These Researchers Are Trying to Build a Better Blockchain

There’s a rule in the world of blockchains so ingrained that some call it folklore. Bitcoin, the original iteration of blockchain technology, is great at two things. One is keeping data secure, with a ledger others can’t sabotage. The other is “decentralization,” or getting lots of people to work together without a central authority to call the shots. But those two nice properties come with a big tradeoff: Blockchains can’t scale.

David Tse, a professor of electrical engineering at Stanford, is skeptical of that “blockchain trilemma.” The idea, he noted at a gathering of “cryptoeconomists” last week, had never been precisely defined—he could find no mathematical proof for it. Tse and his colleagues had done the math and, he declared onstage, developed a more efficient algorithm for keeping blockchains secure. And so they formed a company called Trifecta to build out their idea, adding Tse to the growing ranks of academics-turned-blockchain entrepreneurs.

Tse’s talk followed presentations by the Turing Award–winning MIT professor Silvio Micali, founder of Algorand—which has raised more than $120 million from investors—and the MacArthur genius and UC Berkeley professor Dawn Song, founder of Oasis Labs. Each is trying to build new blockchains from the ground up, seizing upon a mismatch between excitement over the core innovation of blockchains and disappointment about their performance.

Tse is a recent blockchain convert. He began working on blockchain about 18 months ago, after a career focused mostly on wireless networks. He’d noticed parallels between the clunkiness of the early mobile web and the current state of decentralized networks. Plus, researching blockchain avoided the drawbacks of machine learning, a field increasingly consolidated in large companies that hoard talent, data, and servers. “Blockchain research, on the other hand, is much more decentralized,” he says.

Academics like Tse have added all kinds of new features to blockchains, often with the aim of improving security and privacy. Those projects include Zcash, where a team of professors brought privacy-protecting technology to Bitcoin, which is increasingly tracked by law enforcement.

But building more robust blockchains requires a more complete overhaul. Bitcoin and Ethereum, the largest blockchain networks, are kept secure by “proof-of-work” protocols, which involve a race to solve cryptographic problems. The process takes oodles of energy and is painfully slow. Bitcoin can handle seven transactions per second, while Ethereum ekes out 15. That’s not fast enough to handle basic commerce, much less complex applications. A hopeful benchmark often professed by blockchain entrepreneurs is “Visa-level performance,” or thousands of transactions per second.

The newcomers are trying a variety of approaches to get there. Bitcoin inspired some researchers to take another look at older, mostly discarded cryptographic approaches designed for decentralized systems. Others look to extend the algorithm used for Bitcoin, known as the Nakamoto consensus, named after the network’s pseudonymous creator. One strategy is to separate the security mechanisms from other functions, like data storage and computation.

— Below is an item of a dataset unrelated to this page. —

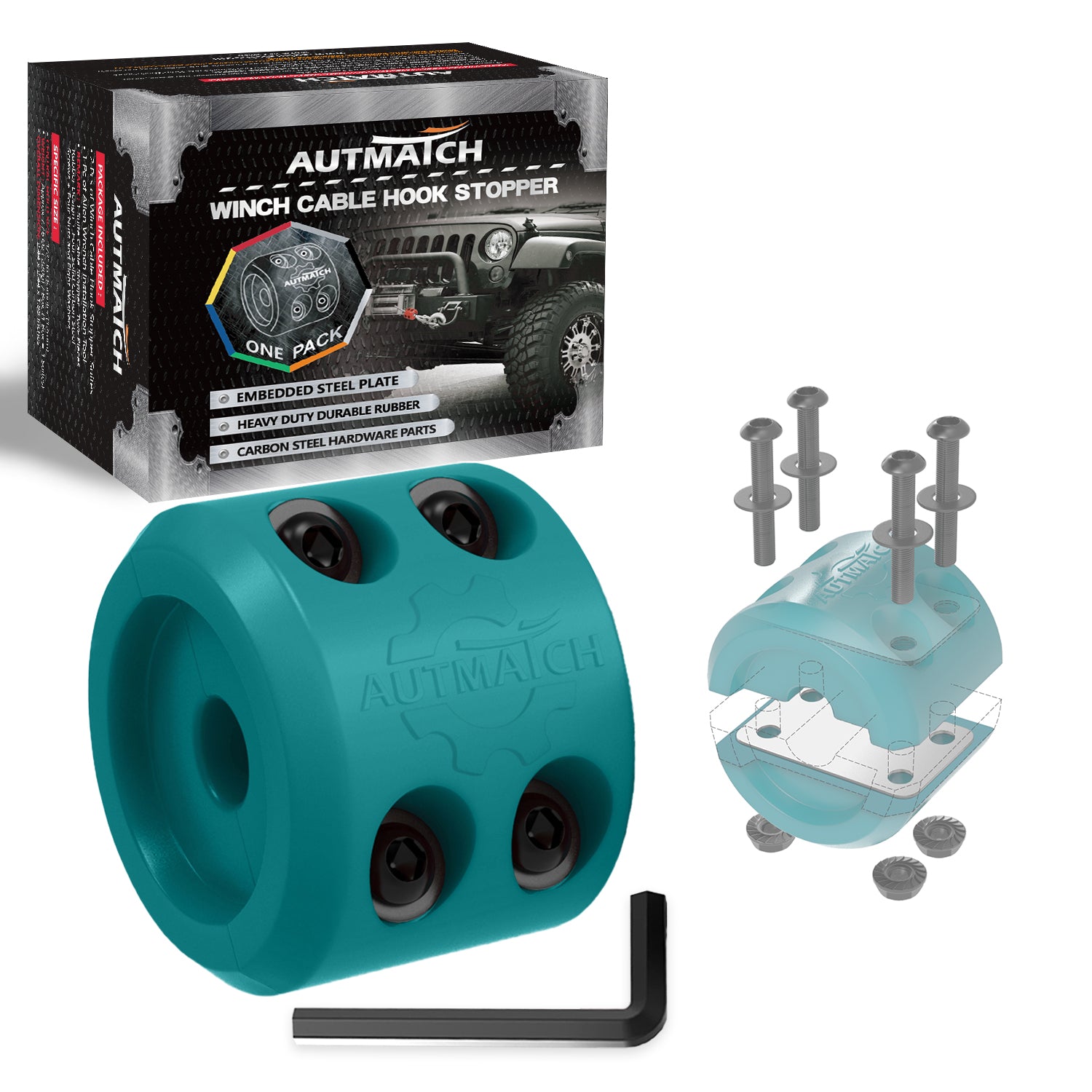 AUTMATCH Winch Cable Hook Stopper (1 Pack) Silicone Rubber Shock Absorbent Winch Stopper Teal

“We have an in-house joke that there is no blockchain trilemma,” says Kevin Sekniqi, a researcher who left his PhD studies to start Ava Labs along with his adviser, Cornell professor Emin Gun Sirer. The company grew out of a theoretical debate in the lab about how they’d build their ideal consensus algorithms from scratch. “Not just tweak them around but really reinvent them from the ground up,” Sekniqi says. Eventually, they realized they had the ingredients for a competitive product.

The existing blockchains are making their own upgrades. Ethereum has a long-term vision called Eth 2.0, which would revamp the protocol and eventually do away with proof-of-work consensus. But it’s complicated. Ethereum is a multibillion-dollar platform—host to decentralized games, collectibles, even financial products—but it has no central decision-makers. That’s core to its philosophy and design. The upgrade process involves a complex coordination game where technology is built and shepherded through a voting process by a diffuse ecosystem of developers. The difficulty is avoiding changes that jeopardize existing products built for the platform, and that appease the voters—the miners who run each node.

There are also solutions that don’t touch the underlying blockchain itself. That includes the Lightning network for Bitcoin, which adds software to the existing protocol to enable speedier peer-to-peer payments. But such technologies have proven tricky to integrate, given the inflexibility of the underlying protocols.